Mother found not guilty of murder of daughter by reason of insanity
Woman had ‘fixed and false’ idea about autistic condition of child (3), court told
The jury at the Central Criminal Court spent 54 minutes deliberating on Wednesday before bringing in a unanimous verdict of not guilty by reason of insanity. Photograph: Matt Kavanagh
A mother who smothered her toddler daughter with a “Minnie Mouse” pillow while she was taking an afternoon nap on the couch in their family home has been found not guilty of her murder by reason of insanity.
The two-day trial at the Central Criminal Court also heard that the woman described to gardaí how she held the pillow over the child’s face as she struggled and screamed. Her three-year-old daughter called out for her daddy and finally let out a sigh, she said.
The 43-year-old woman became “obsessed” and “overwhelmed” with the child’s autism diagnosis and convinced herself that the toddler had a more severe form of autism – pathological demand avoidance – when in reality the diagnosis was at the milder end of the spectrum.

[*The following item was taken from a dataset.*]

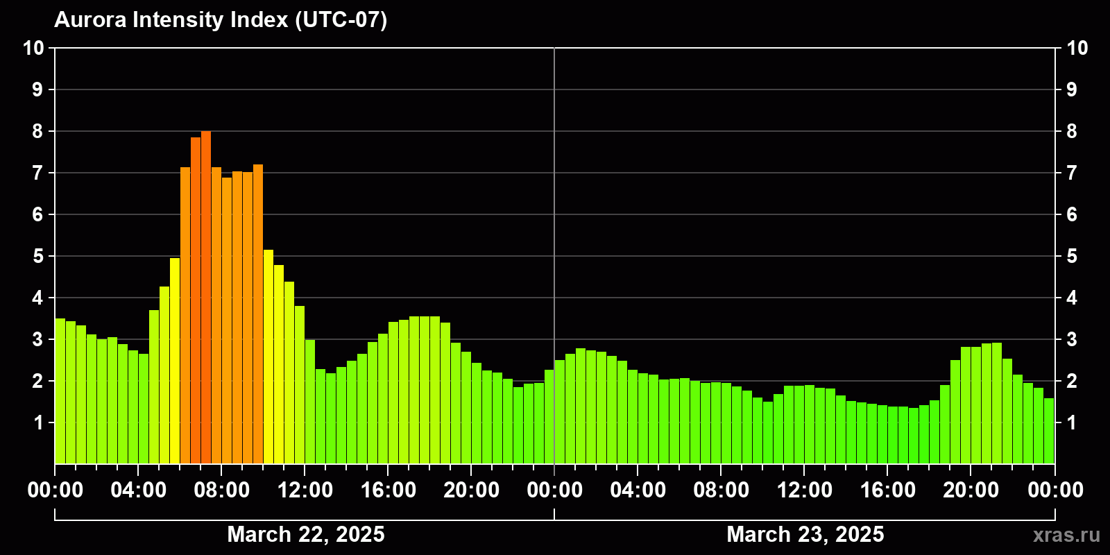 Auroral intensity index and the theoretically possible latitude of observations for nighttime in the Western Hemisphere as of 2025-03-23 23:50 (end of day) local time

She was fearful for her child’s future and felt it could ruin the life of her other child. In the days prior to the killing the defendant had carried out internet searches on “suicide” and “mothers killing their autistic children”.
Cause of death
The toddler was pronounced dead three days later, on February 13th, 2018, and her cause of death was cerebral hypoxia, caused by the act of suffocation.
The woman, who cannot be named by order of the court, had pleaded not guilty by reason of insanity to the murder of the infant nearly two years ago.
Two consultant forensic psychiatrists from the Central Mental Hospital gave evidence during the trial that the defendant fulfilled the criteria for the special verdict of not guilty by reason of insanity.
Dr Sally Linehan, called by the prosecution, testified that the defendant was suffering with “recurrent depressive disorder” and said the accused did not know what she was doing was wrong and was unable to refrain from committing the act.
Dr Stephen Monks, for the defence, said the woman was suffering from “severe depression with psychotic features” and did not know the nature and quality of the act as she believed her only option was to kill her child, who she was convinced was profoundly disabled and had no future or quality of life.
In his closing speech, prosecution counsel Paul Murray SC asked the jury to return a true verdict which reflected the evidence in the case.
Defence counsel Patrick Gageby SC said in his closing address that his client was a “gentle, kind and caring mother who lived for her children”. However, she harboured a “fixed and false idea” that her child was suffering from the worst possible end of the autism spectrum disorder despite everyone saying to the contrary including the child psychologist.
The woman’s “completely irrational belief” was in the driving seat when she killed her child, said the barrister. Her solution was not one that would lead anyone to consider the person was sane, he concluded.
The jury of six men and six women spent 54 minutes deliberating on Wednesday before bringing in a unanimous verdict of not guilty by reason of insanity.
After they had delivered their verdict, Ms Justice Carmel Stewart thanked the jury for their attendance and participation in this short but difficult trial. The judge exempted them from jury service for the next five years.
Ms Justice Stewart then made an order committing the woman to go to the Central Mental Hospital today and for the matter to be brought back before the court on November 5th.